In the spectrum for PB, the peak in 3432 signal decreased considerably. This indicates that the formaldehyde in the conditioning process reacts with the hydroxyl and aldehyde groups in the biomass-producing acetal groups.4 The presence of acetal groups is confirmed in Figure 5, peaks 1050-1150 cm-1. However, this signal is difficult to note because there are contributions of C-OH vibrations from unreacted hydroxyl groups from cellulose and lignin. Nevertheless, a small change in intensity and splitting of the signals in this range indicates the chemical changes in the biomass. This reaction increases the stability the biomass and the homogeneity in the morphology (Figure 4). The FTIR spectra of Poly-(NAAm-co-MAA) and MB is also presented in Figure 5. The signal of 3394-2450 cm-1 is indicative of the -COOH in the copolymer.

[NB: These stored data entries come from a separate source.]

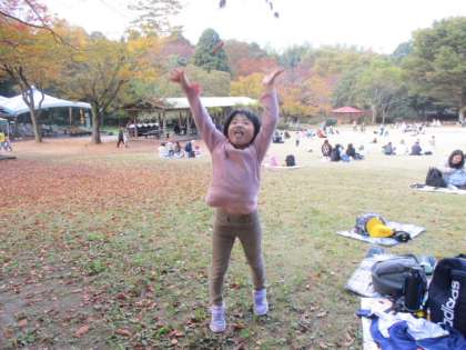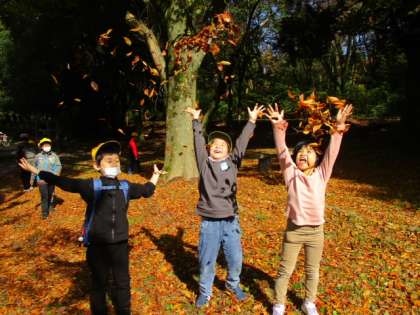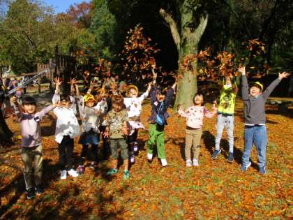秋は枯れ葉の季節。しかしその枯れ葉も楽しい遊び道具です。1人が3人に、どんどん増えていきました。
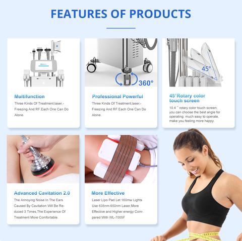 Description<p style="box-sizing: border-box; margin: 0px 0px 15px; color: rgb(13, 12, 12); font-family: "Open Sans", sans-serif; font-size: 14px;">Model: MS-7006FClinic Stubborn Fat Reduction Radio Frequency 160MW Lipo Laser 5 in 1 Machine Use<p style="box-sizing: border-box; margin: 0px 0px 15px; color: rgb(13, 12, 12); font-family: "Open Sans", sans-serif; font-size: 14px;">Introduce<p style="box-sizing: border-box; margin: 0px 0px 15px; color: rgb(13, 12, 12); font-family: "Open Sans", sans-serif; font-size: 14px;">Cool Fat Dissolve VacuumWhy the Cool Fat Dissolve Vacuum Procedure Is Different? It is the non-invasive cooling of adipose tissue to induceFat Dissolve - the breaking down of fat cells - to reduce body fat without damage to other tissues. It is fundamentally different from other non- or minimally invasive modalities. Other methods of fat removal primarily involve necrotic cell death by damaging fat with heat, high-intensity focused ultrasound, or chemical injections. Each approach poses potential technical challenges, particularly with respect to targeting the right tissue depth and unintended damage to other structures close to or within the fat layer. Predictability of efficacy using these other techniques isalso uncertain. In contrast, the Cool Fat Dissolve operation induces apoptosis only in fat cells to gently and gradually reduce the fat layer while preserving all other tissue. As triglyceride in fats will be converted into solid in particular low temperatures,It uses advanced cooling technology to selectively target fat bulges andeliminate fat cells through a gradual process that does not harm the surrounding tissues,reduce unwanted fat, When fat cells are exposed to precise cooling, they trigger a process of natural removal that gradually reduces the thickness of the fat layer. And The fat cells in the treated area are gently eliminated through the body's normal metabolism process, to eliminate unwanted fat. Radio Frequency Why do we use Radiofrequency and led Fat Dissolve at the same time? It uses 3Mhz RF Body And It is the Efficacy of Combined Skin Tightening and Fat Reduction. Combining led Fat Dissolve and radiofrequency is a logical approach to achieve skin tightening and fat reduction without . We explore the practicality and value of combining led Fat Dissolve and Tripolar radiofrequency to achieve skin tightening and localized fat reduction in the submental, neck, and jowl areas. Morbidity, patient acceptance, and patient satisfaction were assessed. 40K cavitation What is the Ultrasound Cavitation operation? It uses a 40kHz focused ultrasound cavitation effect, to cause tons of microscopic air bubbles to surround the LEDcyte (fat cell) membranes and with its resonant frequency, the bubbles cause a high enough to cause the fat cells to break up instantly. The brokenLEDcytes are then moved to the liver and safely metabolized out of human body which is assisted by drinking a lot of water. It produces cold slimming of fatty acids from adipocytes (fat-laden cells) due to a phenomenon known as stable cavitation, and increased cell permeability of the adipocytes. You get an increased flow of triglycerides. Furthermore, there is a breakdown of the fibers through mechanical action (jet stream). Finally, some content of adipocytes is metabolized by the liver and eliminated in the urine. How does 650NM Lipo Laser system work? It involves the application of a highly sensitive led to dissolve the fat deposits situated in the upper layers of the human skin. The energy emanating from the led breaks up the fat cells to produce an oily material. It penetrate into skin surface and stimulates the fat cell membranes,changing their permeability,the fat cells reduce their overall size and intracellular fat is released then the fatty trigly cerides flow out of the disrupted cell membranes and into the interstitial space,where they gradually passthrough the body's natural metabolic functions with no harmful physiological effects,this process is resulting in inch loss of patients.<p style="box-sizing: border-box; margin: 0px 0px 15px; color: rgb(13, 12, 12); font-family: "Open Sans", sans-serif; font-size: 14px;">Application <p style="box-sizing: border-box; margin: 0px 0px 15px; color: rgb(13, 12, 12); font-family: "Open Sans", sans-serif; font-size: 14px;">Intensive physical led to remove fat Excess fat cell melted Body slimming,cellulite reduction Smooth fatigue Remove obstruction from channels and collaterals Promote and accelerate the body’s metabolism<p style="box-sizing: border-box; margin: 0px 0px 15px; color: rgb(13, 12, 12); font-family: "Open Sans", sans-serif; font-size: 14px;">Package including<p style="box-sizing: border-box; margin: 0px 0px 15px; color: rgb(13, 12, 12); font-family: "Open Sans", sans-serif; font-size: 14px;">1 x Host maichine 1 x Cool Vacuum Head 1 x 40KHz Cavitation Head 1 x Sixpolar RF head for body 8 x Big 650NM lipo laser(each with 10 led light) 160MW 4 x Small 650NM lipo laser(each with 2 led light) 160mw 3 x Holders for All parts<p style="box-sizing: border-box; margin: 0px 0px 15px; color: rgb(13, 12, 12); font-family: "Open Sans", sans-serif; font-size: 14px;">Paramater<p style="box-sizing: border-box; margin: 0px 0px 15px; color: rgb(13, 12, 12); font-family: "Open Sans", sans-serif; font-size: 14px;">Rated input voltage:AC220V-240V 50HZ /AC110V-120V 60Hz Rated input power:350VA Cool cold slimming Vacuum Power:Up to 200W Cooling device output temperature:5~ -5°C Cooling device output :0-5Kpa Cooling liquid: pure water Cavitation frequency : 40KHz Cavitation Power:up to 60W Cavitation tip:60mm diameter RF for body RF frequency:3MHz RF power:up to 30W RF type:six polar with 100mw LED RF tip:65mm diameter Lipo Laser:635nm Lipo Laser power/Each diode:160mw led Pads:12 with 8 Large(8 Diode/Pad)+4 Small(2 Diode/Pad) ![]() ![]() ![]() ![]() ![]()
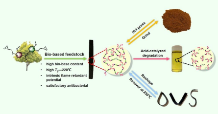 环氧树脂作为目前用量第二大的热固性树脂,在电子电气、光学机械、轨道交通、航空航天等领域中具有广泛的应用。但环氧树脂目前还存在易燃、不可再加工、不易化学降解等关键问题,这严重制约了其进一步的应用发展。同时其原料主要来自不可再生的化石资源,需要不断提升其可持续性。
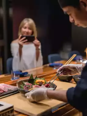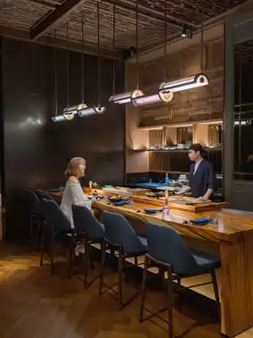 Dinner is eaten at A luxurious dinner at Maison Misuki, a restaurant that perfectly combines Asian and French styles. There is a sushi bar similar to an omakase restaurant, and a glass wall that adds a French touch. So awesome!
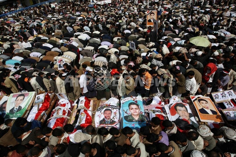 一方、首都サヌア(Sanaa)のサヌア大学(Sanaa University)近くの広場では同日、18日に起きたサレハ大統領支持の武装集団によるデモ隊への銃撃で死亡したデモ参加者30人の葬儀が営まれ、非常事態宣言下の厳重な警戒態勢のなか、死者を悼む数万人が集まった。参列者らによると、1月末に反政府デモが始まって以来、最大の集会という。
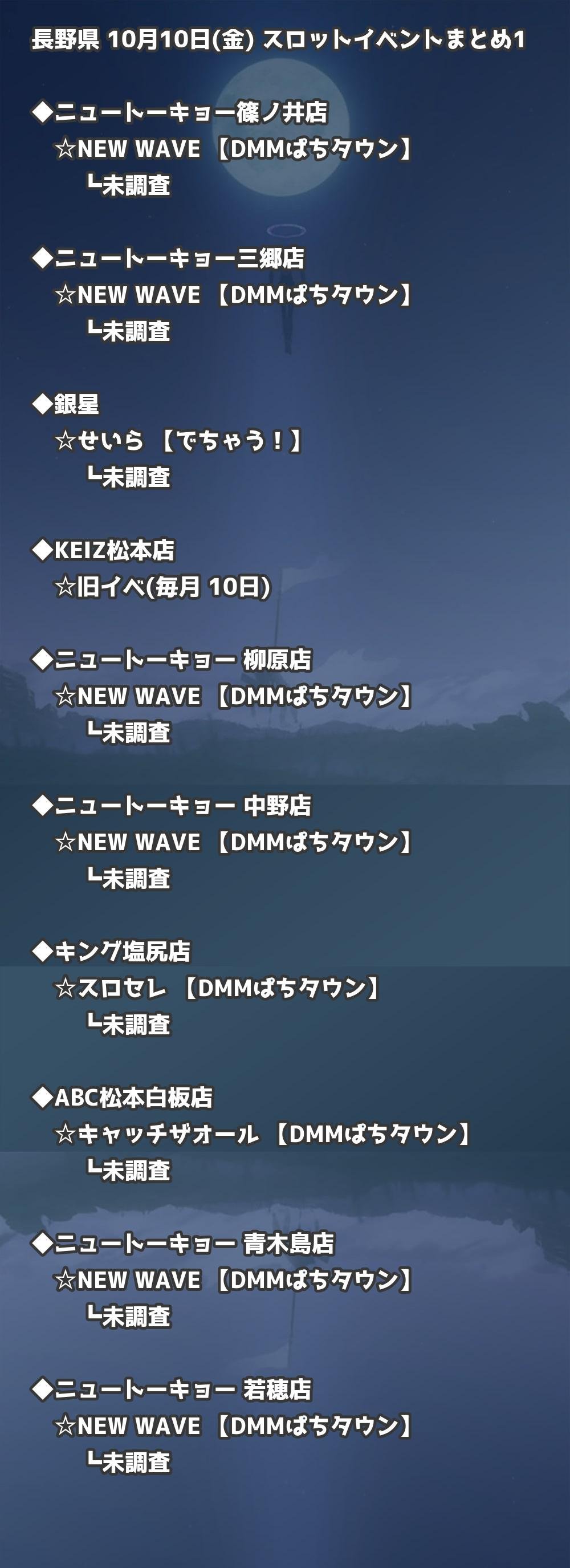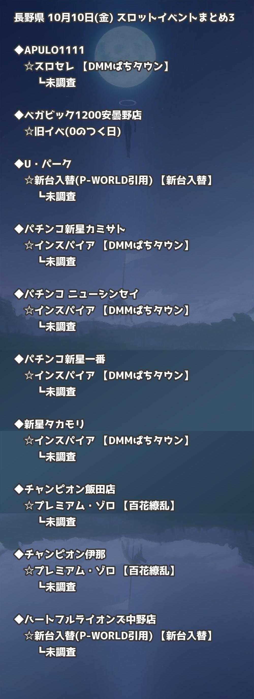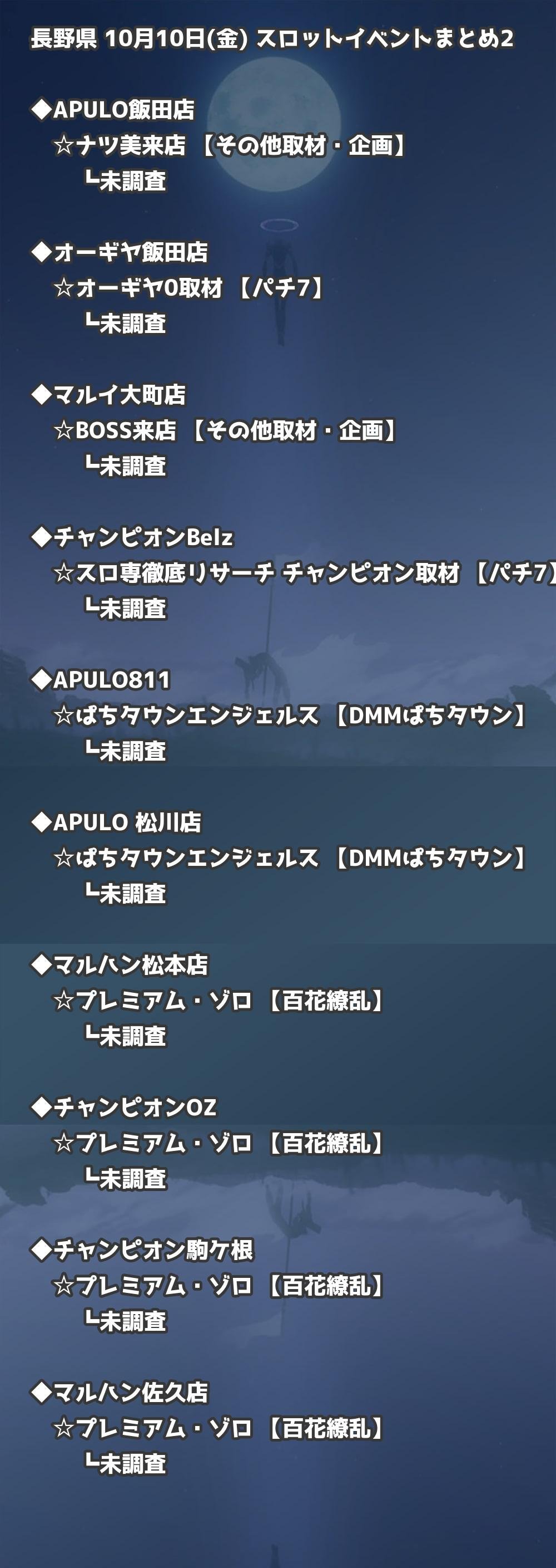 📊 長野県 10月10日(金) 勝てるパチンコ・スロット取材店舗一覧|おすすめ順
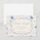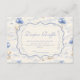 Un design sucré d'inspiration vintage mettant en vedette des nœuds bleus délicats, des détails rayés doux et des illustrations charmantes de jardin de myrtilles. L'œuvre d'art de style toile avec des animaux adorables et des paniers de fruits crée une atmosphère de conte de fées classique dans une palette de bleu poudre doux. Le cadre central orné ajoute de l'élégance tout en gardant l'apparence générale légère, raffinée et intemporelle. Parfait pour une baby shower avec un thème de jardin doux et une touche de charme traditionnel.
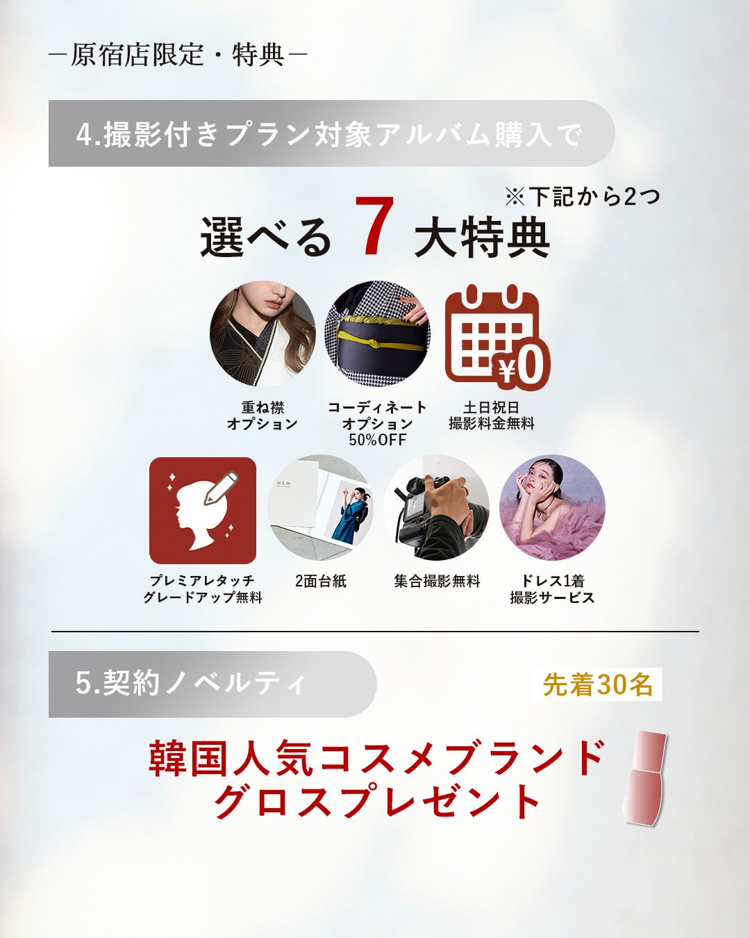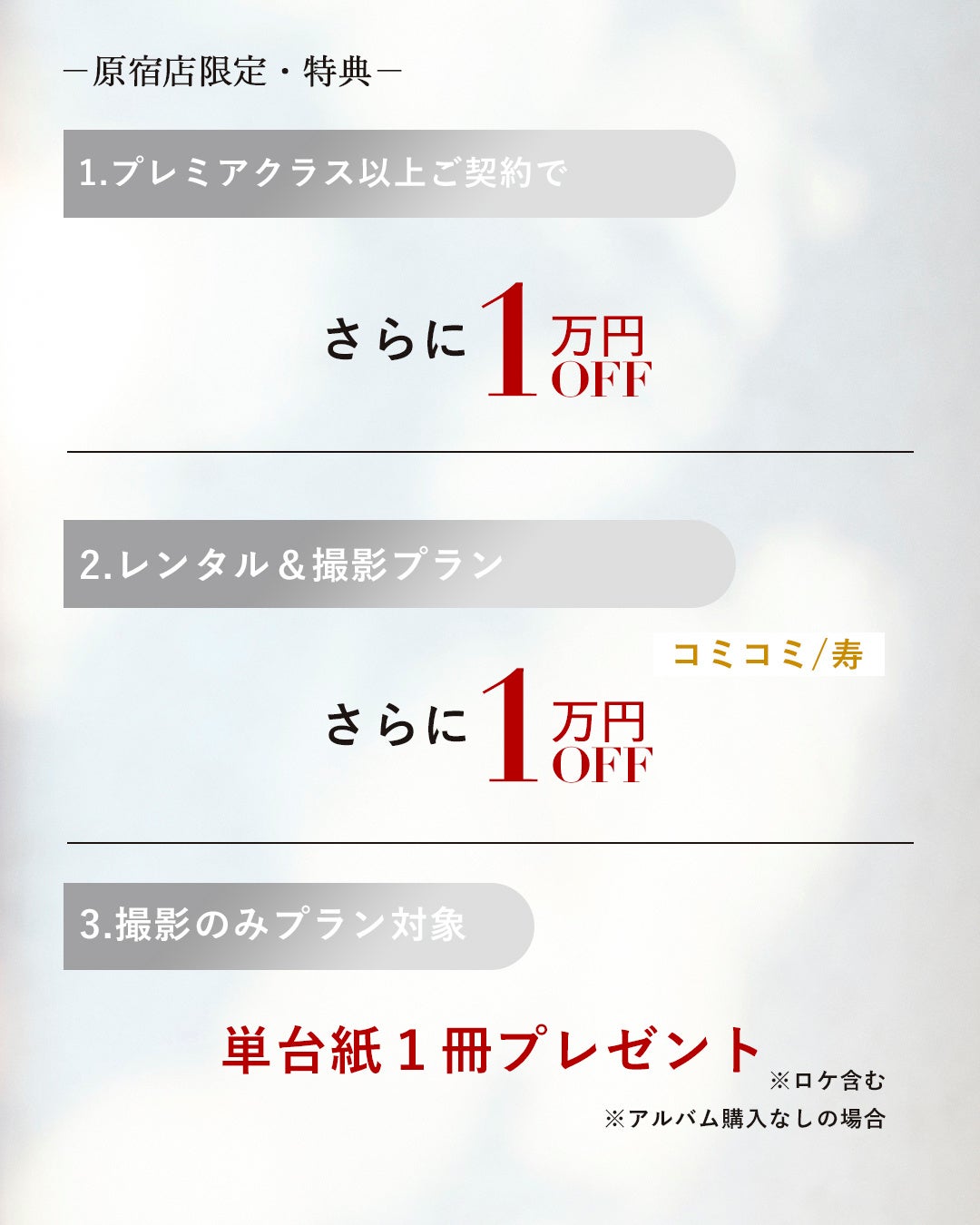 原宿店では共通特典に合わせてさらにお得な割引特典をご用意!

It is possible to distinguish two bonds: one at 3382 cm-1 and a smaller at 3196

cm-1. The first one includes the carboxylic acid -OH vibration, the amine and amide N-H groups. The smaller is an evidence of the primary amine (NH2) group in the copolymer. The signal at 1660 cm-1 was assigned to the carbonyl group from the amide and carboxylic acid. The signal at 1552 cm-1 corresponds to N-CdO stretching and H-bonded vibration from amide group. The spectrum of MB (Figure 5) is a combination of signals from both 1458 and 1407 cm-1, which corresponds to -CH2and -CH3 groups from the biomass andcopolymer. It is possible to distinguish those signals corresponding to grafting. First, the band at 3429 cm-1 is assigned to -OH and NH vibrations, carboxylic acid groups are not evident in this range. The signal at 1674 cm-1 corresponds to the carbonyl from the amide group and the shoulder at 1732 cm-1 corresponds to an ester group resulting from the condensation reaction (Figure 3).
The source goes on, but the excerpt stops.